Make friends with the people who run your local amenity site (tip): I know mine very well, because I’m a regular visitor and probably the only one who takes away more than they drop off! Tips are a particularly good source of ‘wheels’, which children can use to transform stationary resources into exciting new portable versions.

Looking ahead

MAKE PLANS FOR…

  • Summer of Play is the theme of this year’s Play Day on 4 August. Visit www.playday.org.uk for more information about events and activities.
  • The delayed Paralympic Games start on 24 August in Tokyo and offer opportunities to talk about how humans can compete physically in different ways. Check out www.paralympic.org for athlete stories and event details.

Risk assessment

WATCH OUT FOR…

Overheating: Is there sufficient shade outdoors? Even with sunscreen applied, children and adults are susceptible to dehydration and heat headaches, or even sunstroke.

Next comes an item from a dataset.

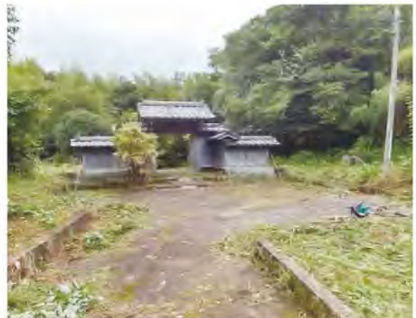
空き家活用での関係人口の創出へ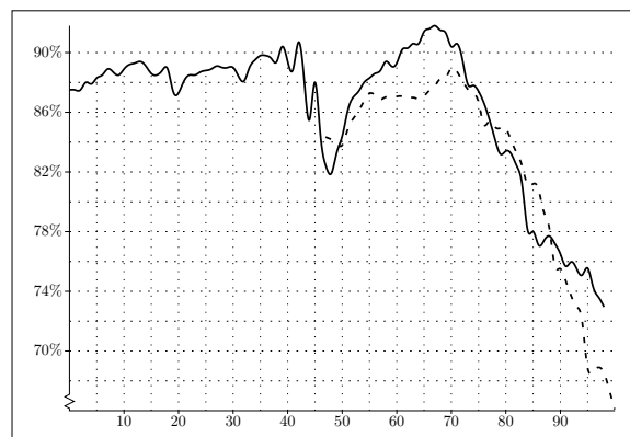
Grafiek 2.10: burgerlijke huwelijkssluitingen waarin beide partijen voor de eerste maal trouwen, Nederland van 1900 t/m 1998 (doorgetrokken) en België van 1947 t/m 2000 (gestreept).

Maakt de eerste huwelijkssluiting moeilijke tijden door, de tweede bloeit als nooit tevoren. Grafiek 2.10 toont dit: meer dan ooit komt trouwen eind jaren negentig op hertrouwen neer.

  • Create as much shade as possible, draping sheets, tarpaulins and blankets over play equipment or A-frames, and encourage children to play under trees and shrubs by locating compelling resources under and around them.
  • Keep water bottles outdoors and ensure a source of fresh drinking water is always available – I find H&O Plastics’ 5l food-grade bucket (https://buybuckets.co.uk) with a pelican pump attachment in the lid is hygienic, portable and easy to use independently, even for the youngest children.
  • Fill lots of tuff-spots (or large trays, pots and pans) with water for cooling hot feet and hands, and attach a sprinkler to the end of a hosepipe to periodically drench everyone.

‘Our Garden in 2021’

FOR THE RECORD…

In response to 18 months of Covid restrictions, many organisations are promoting a Summer of Play. Celebrate by showcasing all the joyful movements and moments that fine weather and lots of energetic young children can produce. Share your floorbook with parents and carers to help them understand the unique and special nature of outdoor play. Then create floorbooks for them, using three or four large sheets of sugar paper stapled or spiral-bound together. Ask families to document and share their own Summer of Play with their own floorbooks.